▶ Work order: Locate "散水ノズルは手元で止水と通水がワンクリックで操作できます。" in the listing. Transcribe the line that contains it and every line that follows, through the last, omitting all pictures.

[Opening Information shown section]

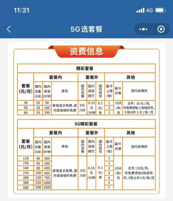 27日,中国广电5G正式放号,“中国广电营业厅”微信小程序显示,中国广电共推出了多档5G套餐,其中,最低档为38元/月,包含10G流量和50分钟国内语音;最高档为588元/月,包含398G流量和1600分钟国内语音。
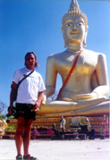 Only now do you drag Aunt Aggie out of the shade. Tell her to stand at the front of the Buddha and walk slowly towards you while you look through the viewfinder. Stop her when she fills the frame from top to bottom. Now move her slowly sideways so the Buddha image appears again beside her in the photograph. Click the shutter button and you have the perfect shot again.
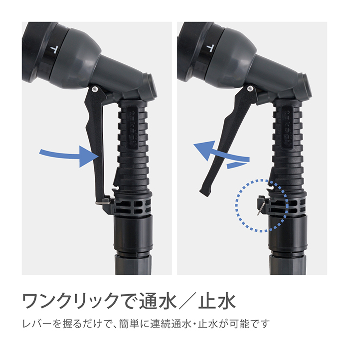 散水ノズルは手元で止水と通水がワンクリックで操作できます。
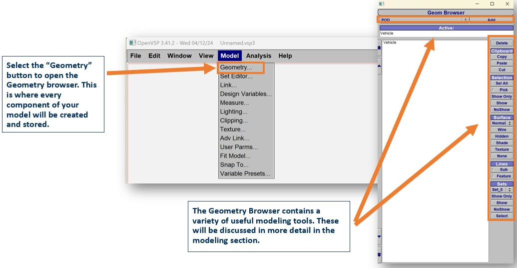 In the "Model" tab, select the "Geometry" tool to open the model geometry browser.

[Closing Information shown section]

▶ Task result:
 散水ノズルは手元で止水と通水がワンクリックで操作できます。
 In the "Model" tab, select the "Geometry" tool to open the model geometry browser.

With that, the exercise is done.